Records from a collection
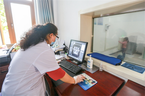 七星关区柏杨林街道卫生院的医护人员在对患者进行CT检查。
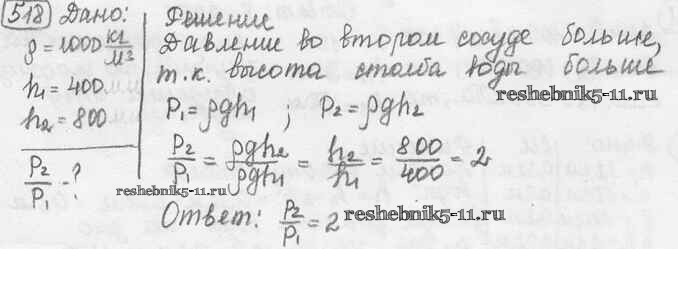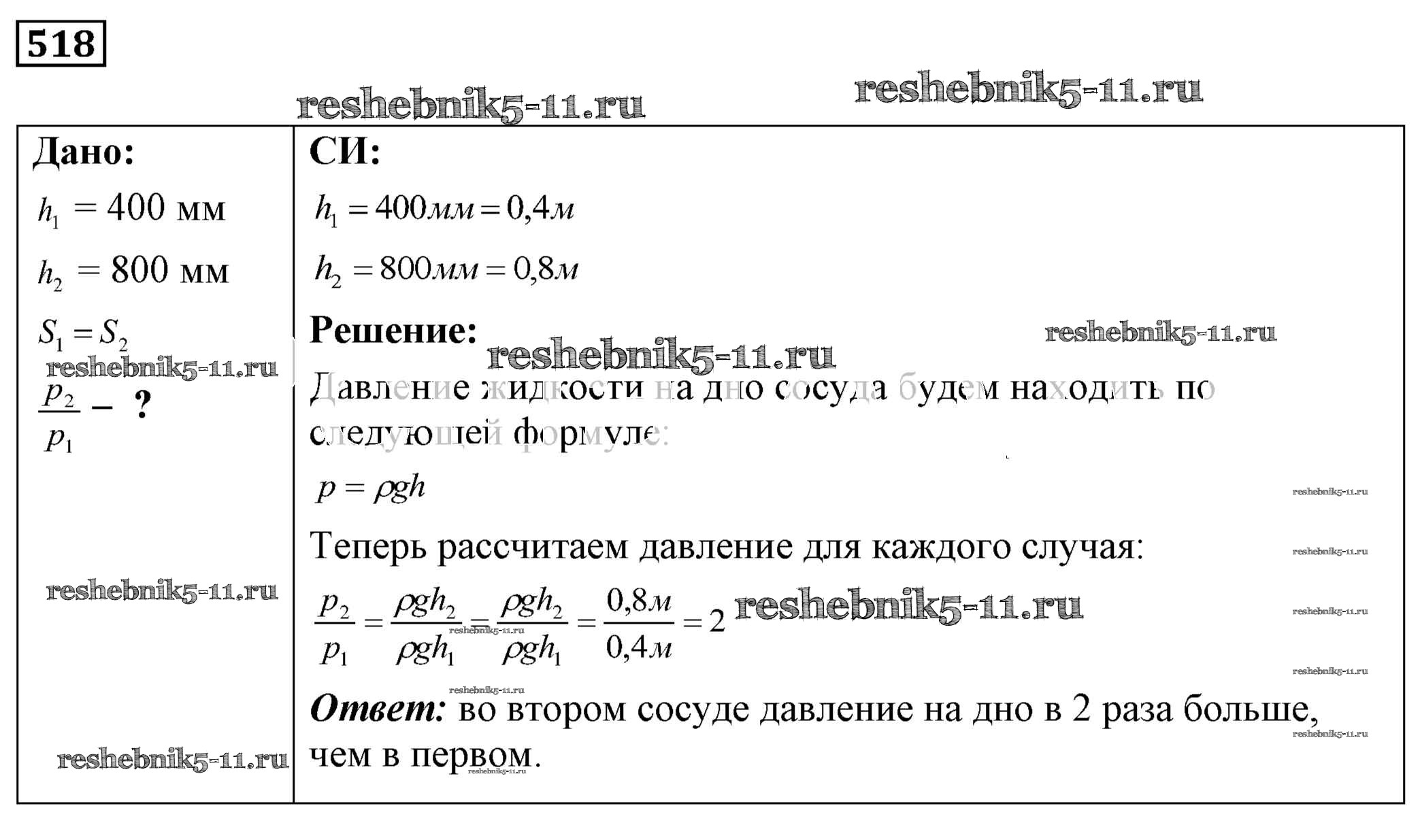 Готовая домашняя работа с ответами по Физике за 7, 8, 9 класс Лукашик, Иванова Сборник задач Просвещение 2011 ФГОС - Задания 518
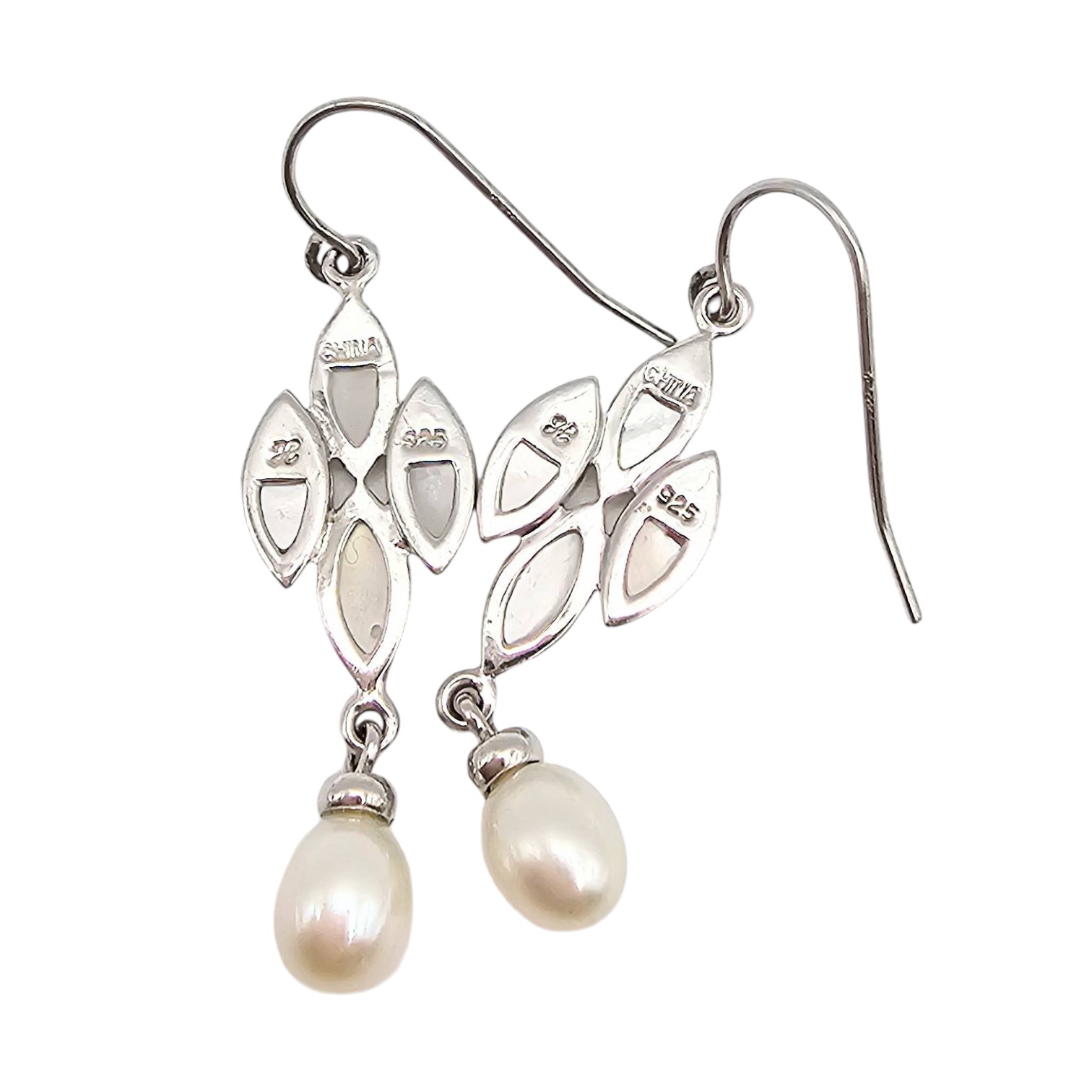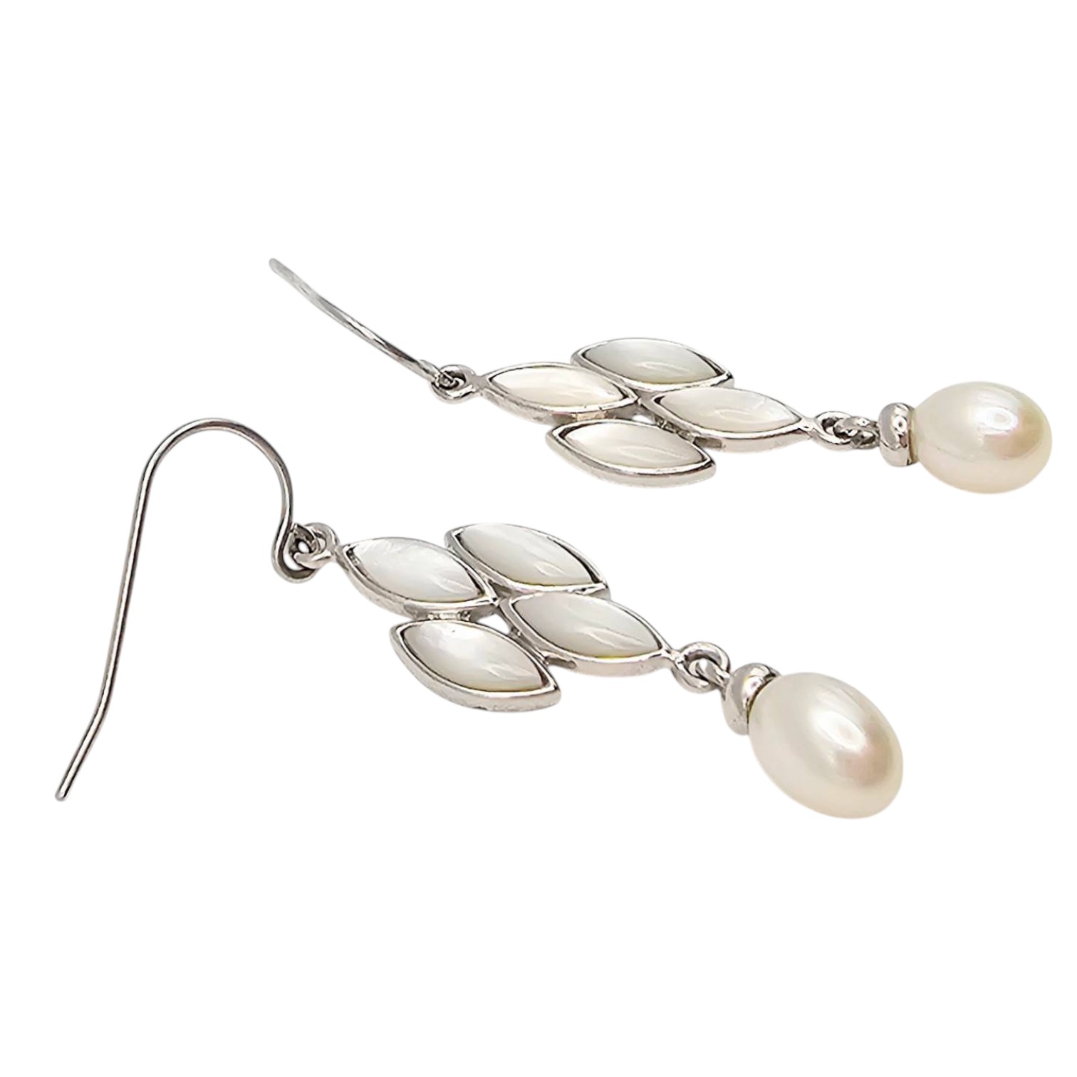 Honora drop earrings crafted from sterling silver featuring a design with marquise-like shapes and pearl accents. Weighing 3.4 grams, these earrings feature delicate, elegant details and a secure hook back. A perfect addition to any jewelry collection.
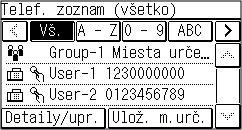 Ak chcete zobraziť všetky miesta určenia uložené v adresári, vyberte možnosť [Vš.].
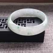 糯冰种飘绿翡翠手镯 缅甸天然翡翠手镯 尺寸:58.2寸
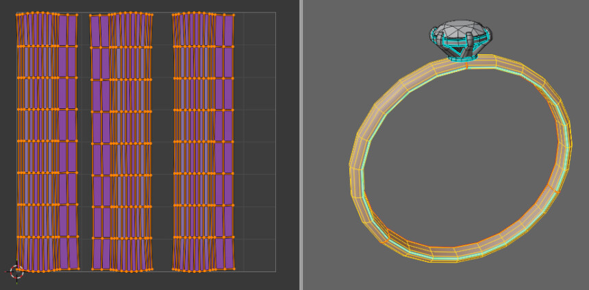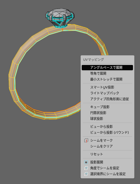 このような指輪の形状を作りUV展開しました。
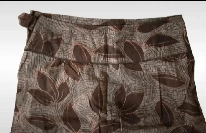 Jolie jupe marron ,printemps été imprimé feuilles Avec ouverture sur le côté. Taille 36 S
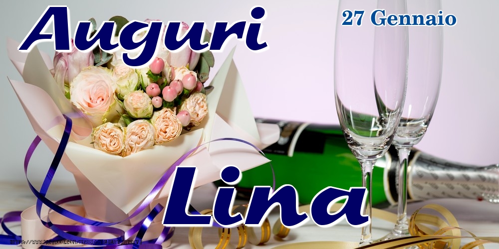 27 Gennaio - Auguri Lina! | Cartolina con bouquet di fiori e champagne | Cartoline di onomastico
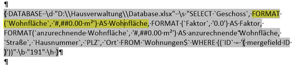 ... "SELECT 'Geschoss', FORMAT ('Wohnfläche', '#,##0.00 m²') AS Wohnfläche, FORMAT ('Faktor', '0.0') AS Faktor, FORMAT ('anzurechnende Wohnfläche', '#,##0.00 m²') AS anzurechnende Wohnfläche, 'Straße', 'Hausnummer', 'PLZ', 'Ort' ...
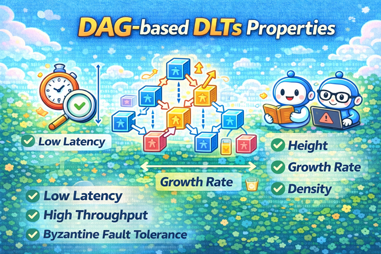 近年來,以有向無環圖(Directed Acyclic Graph, DAG)為基礎的分散式帳本系統被視為突破傳統區塊鏈可擴展性限制的重要方向。然而,現有多數研究多聚焦於特定協議設計或模擬效能比較,對於 DAG 本身在隨機成長過程中所呈現的結構性屬性,仍缺乏系統化且可解析的理論分析。事實上,DAG 的拓撲演化直接影響交易確認延遲、系統穩定性與安全性評估,其行為不應僅被視為實作細節,而應被視為可被建模與量化的核心研究對象。基於此,我們將 DAG 視為一個隨機動態系統,著重分析其關鍵結構屬性,包括交易高度(height)、成長速率(growth rate)、節點密度(density)以及相關的時間與連結行為指標,並探討這些屬性如何隨交易到達率與確認機制參數而演化。透過嚴謹的數學建模與隨機過程分析,我們的研究旨在提供一個通用且可延伸的分析框架,使 DAG 型分散式帳本系統的效能與穩定性評估能夠建立在可解釋、可比較的結構性基礎之上,而非僅依賴特定實作或經驗性模擬結果。
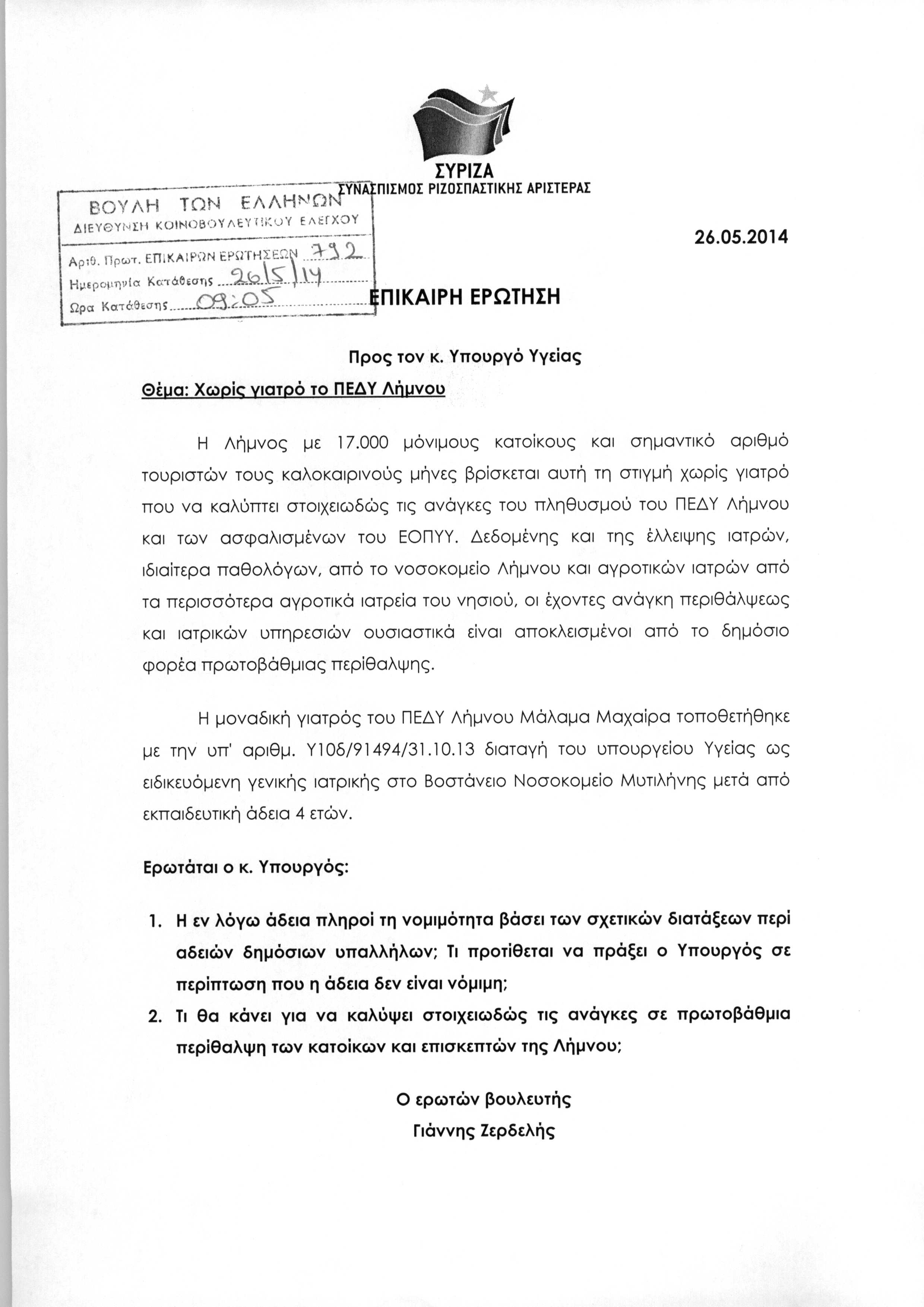 - Σχετικά με την άμεση κάλυψη των αναγκών σε πρωτοβάθμια περίθαλψη των κατοίκων και επισκεπτών της Λήμνου.
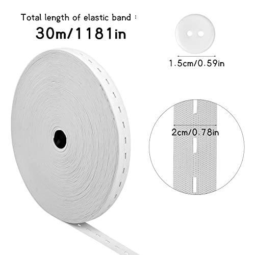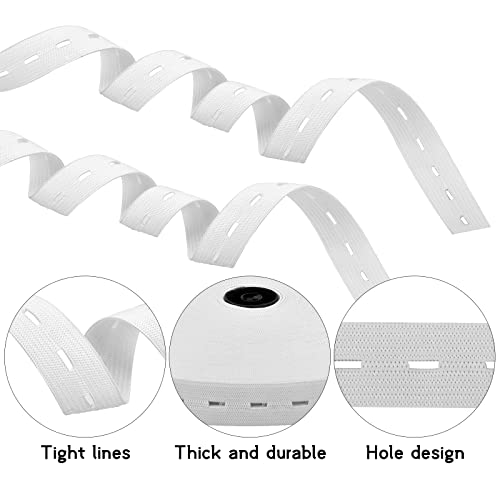 Pinsheng 30 Metri Fascia Elastica con Asola, Elastico con Asole per Bottoni Elastico con Occhiello per Pantaloni con Bottoni per Pantaloni Vita Jeans Gonna Abbigliamento (Bianco)
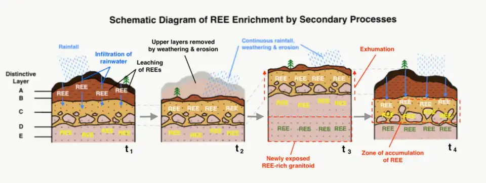 Le processus secondaire (c'est-à-dire l'altération) est essentiel à l'enrichissement ultérieur des granitoïdes riches en éléments de terres rares légers et lourds. Il transforme le granitoïde en un corps minéralisé rentable à extraire. Par conséquent, le climat chaud et humide, associé à un sol légèrement acide dans les zones subtropicales, favorise la formation de gisements. Une combinaison d'altérations chimiques, physiques et microbiologiques intenses[13] permet l'élimination des ETR dans la couche supérieure, plus acide, complètement altérée, puis la migration vers le bas avec l'eau de pluie et, éventuellement, le dépôt (et la concentration) dans la couche inférieure, moins acide et modérément altérée[16],[24],[25],[26]—Les terres rares forment un complexe plus stable dans le sol de pH plus élevé—[20].

HOW TO COMPLETE THIS TASK:
Repeat the exact lines from the first line of the data through the line containing "Jolie jupe marron". Nothing else, no pictures.

RESULT FOR THIS EXERCISE:
 七星关区柏杨林街道卫生院的医护人员在对患者进行CT检查。
 Готовая домашняя работа с ответами по Физике за 7, 8, 9 класс Лукашик, Иванова Сборник задач Просвещение 2011 ФГОС - Задания 518
 Honora drop earrings crafted from sterling silver featuring a design with marquise-like shapes and pearl accents. Weighing 3.4 grams, these earrings feature delicate, elegant details and a secure hook back. A perfect addition to any jewelry collection.
 Ak chcete zobraziť všetky miesta určenia uložené v adresári, vyberte možnosť [Vš.].
 糯冰种飘绿翡翠手镯 缅甸天然翡翠手镯 尺寸:58.2寸
 このような指輪の形状を作りUV展開しました。
 Jolie jupe marron ,printemps été imprimé feuilles Avec ouverture sur le côté. Taille 36 S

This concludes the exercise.